PROBLEM DETAILS: Using the listing below, set down each line from the line containing "1311 - ولكن" through the line containing "Asian priest smiling", both ends included, exactly and with nothing added.

EXERCISE DATA:
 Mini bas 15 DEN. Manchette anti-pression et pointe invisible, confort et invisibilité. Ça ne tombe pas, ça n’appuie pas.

---

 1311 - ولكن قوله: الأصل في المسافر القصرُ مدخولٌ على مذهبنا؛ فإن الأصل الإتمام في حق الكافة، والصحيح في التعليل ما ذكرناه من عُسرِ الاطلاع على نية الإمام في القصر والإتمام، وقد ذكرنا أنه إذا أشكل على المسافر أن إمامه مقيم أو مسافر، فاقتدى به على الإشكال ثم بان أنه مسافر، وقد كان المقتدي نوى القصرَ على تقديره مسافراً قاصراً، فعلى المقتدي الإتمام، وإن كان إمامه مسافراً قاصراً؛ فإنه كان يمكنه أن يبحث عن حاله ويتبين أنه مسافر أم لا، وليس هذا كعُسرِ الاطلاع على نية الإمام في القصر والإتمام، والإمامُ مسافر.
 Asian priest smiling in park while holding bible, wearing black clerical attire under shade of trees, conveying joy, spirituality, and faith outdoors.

SOLUTION:
 1311 - ولكن قوله: الأصل في المسافر القصرُ مدخولٌ على مذهبنا؛ فإن الأصل الإتمام في حق الكافة، والصحيح في التعليل ما ذكرناه من عُسرِ الاطلاع على نية الإمام في القصر والإتمام، وقد ذكرنا أنه إذا أشكل على المسافر أن إمامه مقيم أو مسافر، فاقتدى به على الإشكال ثم بان أنه مسافر، وقد كان المقتدي نوى القصرَ على تقديره مسافراً قاصراً، فعلى المقتدي الإتمام، وإن كان إمامه مسافراً قاصراً؛ فإنه كان يمكنه أن يبحث عن حاله ويتبين أنه مسافر أم لا، وليس هذا كعُسرِ الاطلاع على نية الإمام في القصر والإتمام، والإمامُ مسافر.
 Asian priest smiling in park while holding bible, wearing black clerical attire under shade of trees, conveying joy, spirituality, and faith outdoors.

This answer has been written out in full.